In-order to avoid data loss or corruption, at any given point in time the NVLog of the client and the replicated NVLog located on the partner node should be consistent in-terms of the data and the metadata it contains. For this reason, the data and metadata is logged in a certain order and that ordering is maintained while the NVLog gets mirrored to partner node. To ensure that data in the client is consistent with data in the partner node, I/O incoming to the client is acknowledged after the data and corresponding metadata gets logged in NVRAM locally and also in the partner node. In-order to ensure that the data and corresponding metadata is logged in both the client and the partner, the following functionality is traditionally utilized: in-order placement of mirrored NVlog payload in partner node's NVRAM; completion of mirroring operation at the client only after the corresponding payload has been placed in the partner's NVRAM; and completion of mirroring operation in the same order that it was issued.
In the past, such a replication technique has been sufficient because there has traditionally been a one to one relationship between the client system and the partner system. However, moving forward with distributed filesystems (for example, Write Anywhere File Layout (WAFL®) architecture developed by NetApp, Inc.) that may be distributed throughout multiple nodes in one or more networks (for example a cluster system), a client system's NVLog and permanent memory may not be located locally to the client system. For example, a client system's data may be distributed throughout one or more clustered network environments. Likewise, replication may involve one or more replication partner computer systems, and the data stored by one or more replication partners may be distributed throughout one or more clustered network environments. As such, the traditional replication of a client system using a partner system adds substantial performance overhead with each remotely located memory that is added to the overall system and as such, is not scalable. Furthermore, it adds complexity to the client systems because traditional systems and methods often require the client to be aware of the presence and nature of the replication partner and manage the data replication.
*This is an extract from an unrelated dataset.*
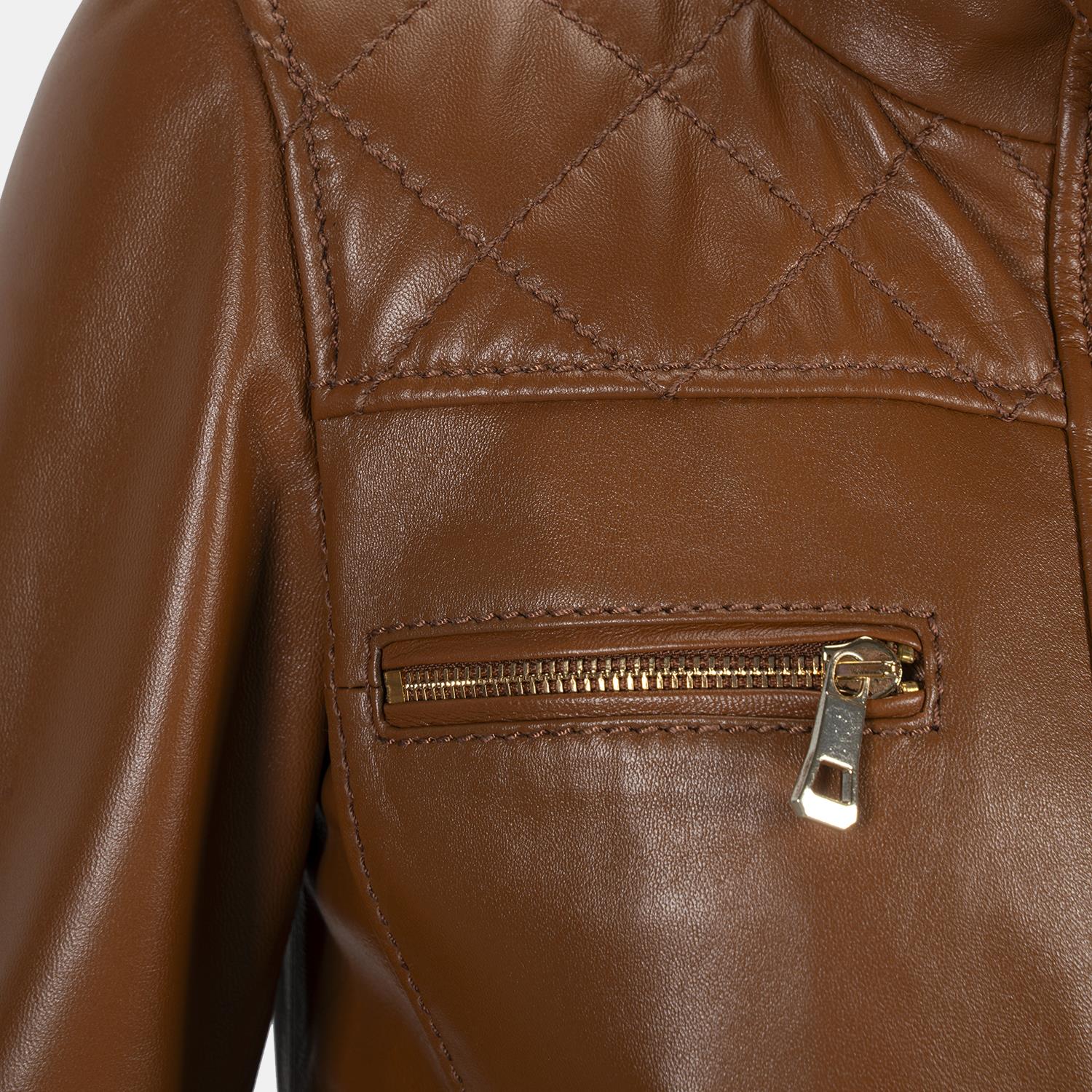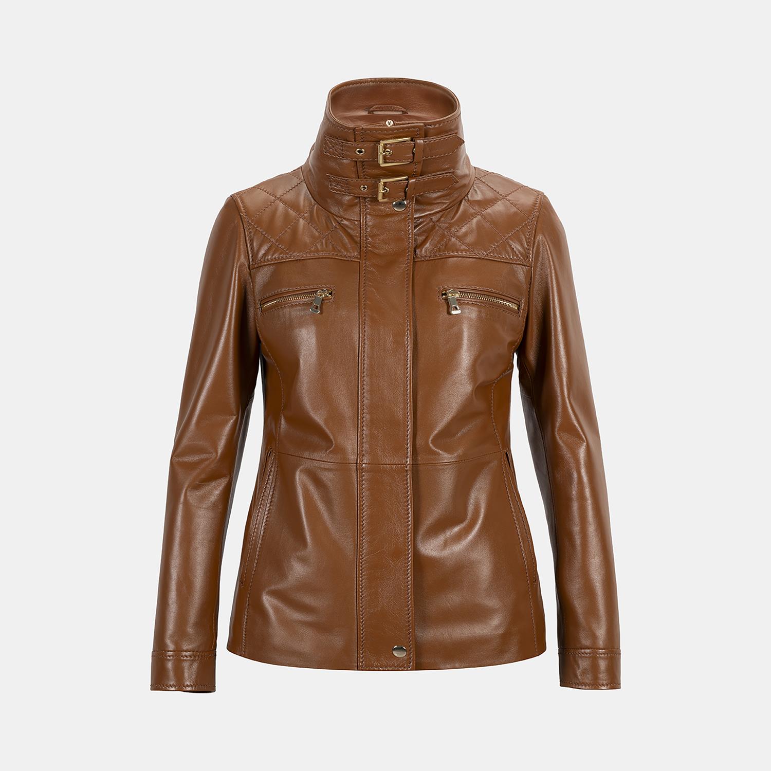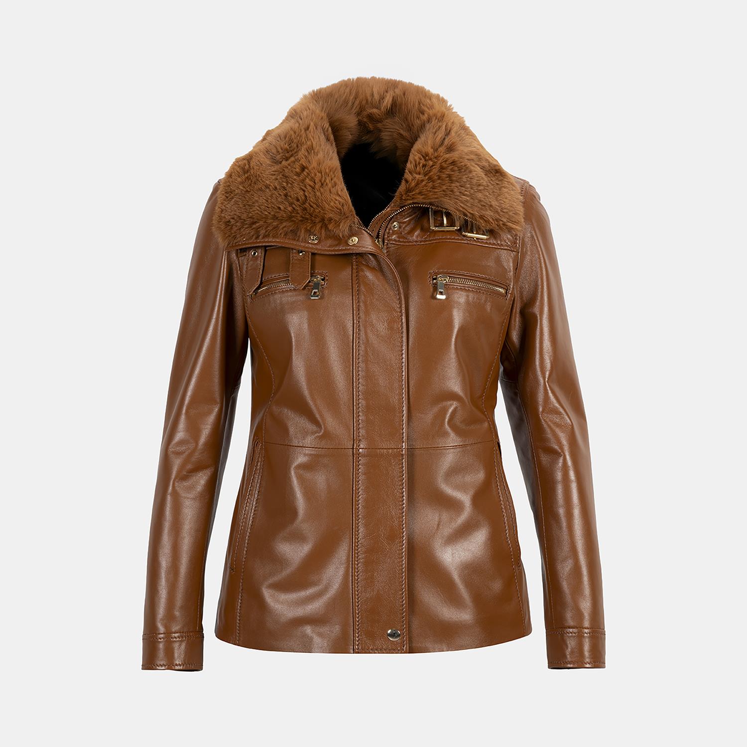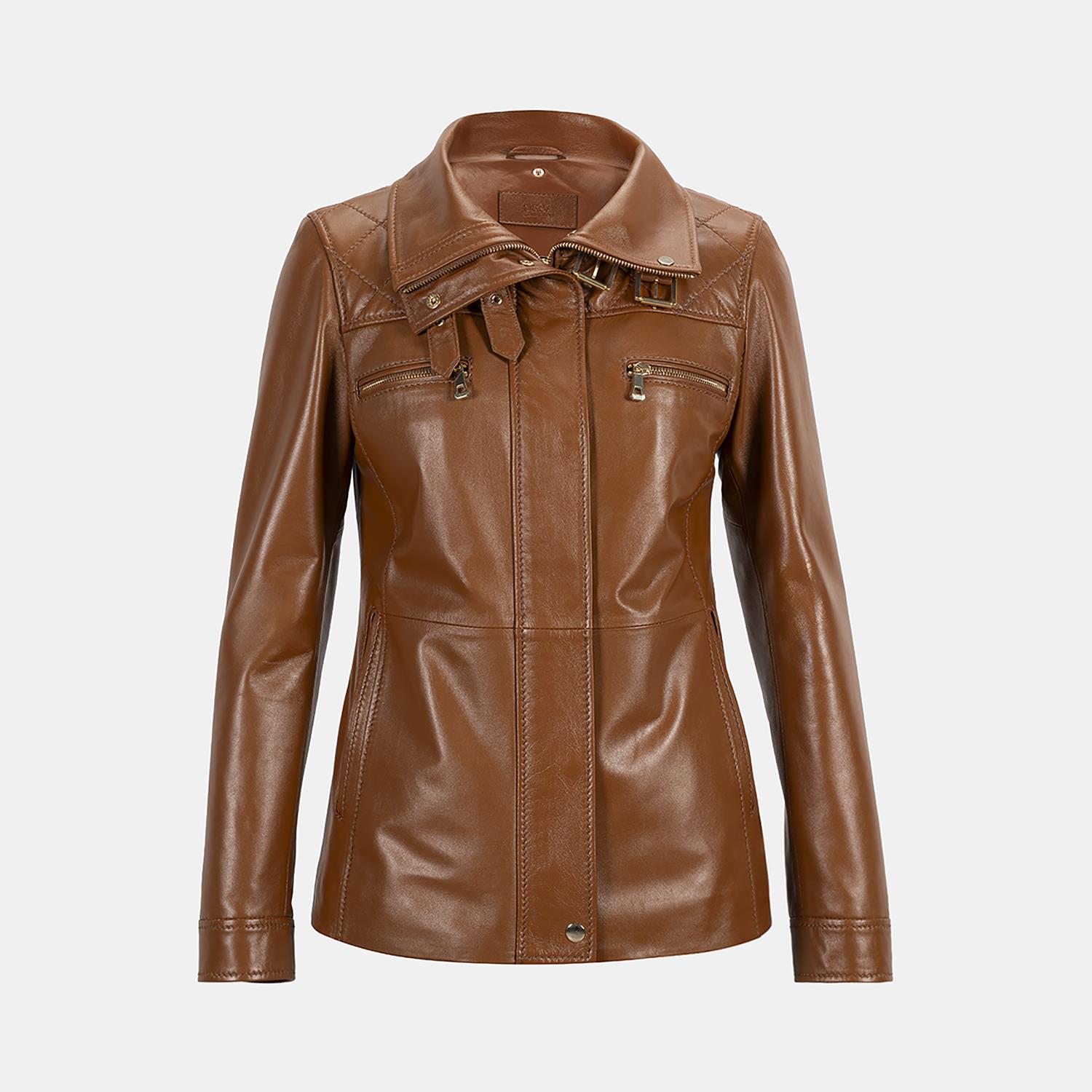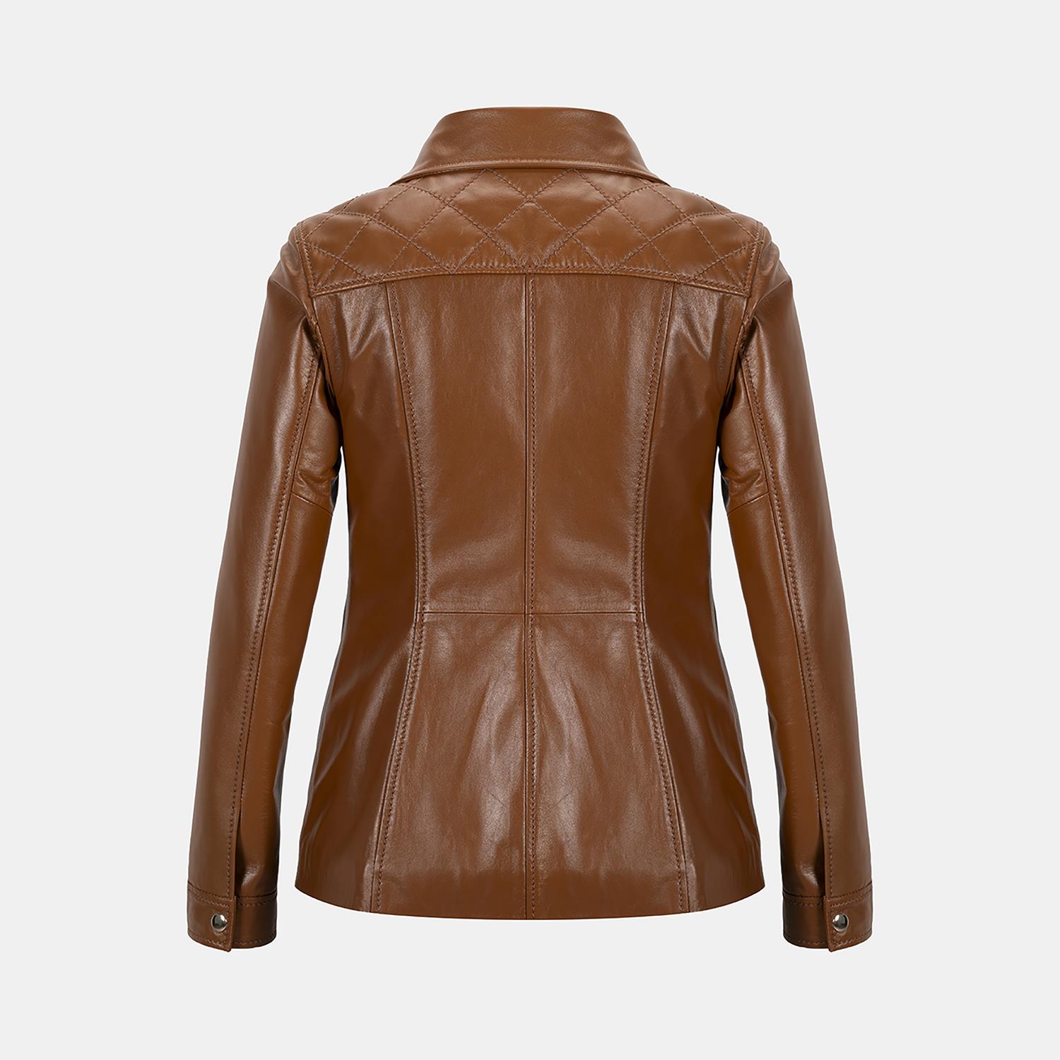 Kadın Taba Yüksek Hakim Yakalı Deri Ceket

For a more complete understanding of the present invention, reference is now made to the following descriptions taken in conjunction with the accompanying drawing, in which:
Systems and methods herein are operable to simultaneously mirror data to a plurality of mirror partner nodes. In embodiments, a mirror client may be unaware of the number of mirror partner nodes and/or the location of the plurality of mirror partner nodes. In operation, a mirror client may issue a single mirror command requesting initiation of a mirror operation. An interconnect layer may receive the mirror command and using information therein, determine a number of active mirror partner nodes to mirror the data and determine the location of the active mirror partner nodes. With this information at hand, the single mirror command may be split it into a plurality of mirror instances, one for each identified active mirror partner node. The respective mirror instances may comprise the data to be mirrored, the physical identifier of the respective mirror partner node, and properties of the respective mirror partner node. After the mirror instances are created, the interconnect layer simultaneously sends the mirror instances to a mirror layer, which creates a write command for each respective mirror instance. Thereafter, the mirror layer simultaneously executes each of the write commands.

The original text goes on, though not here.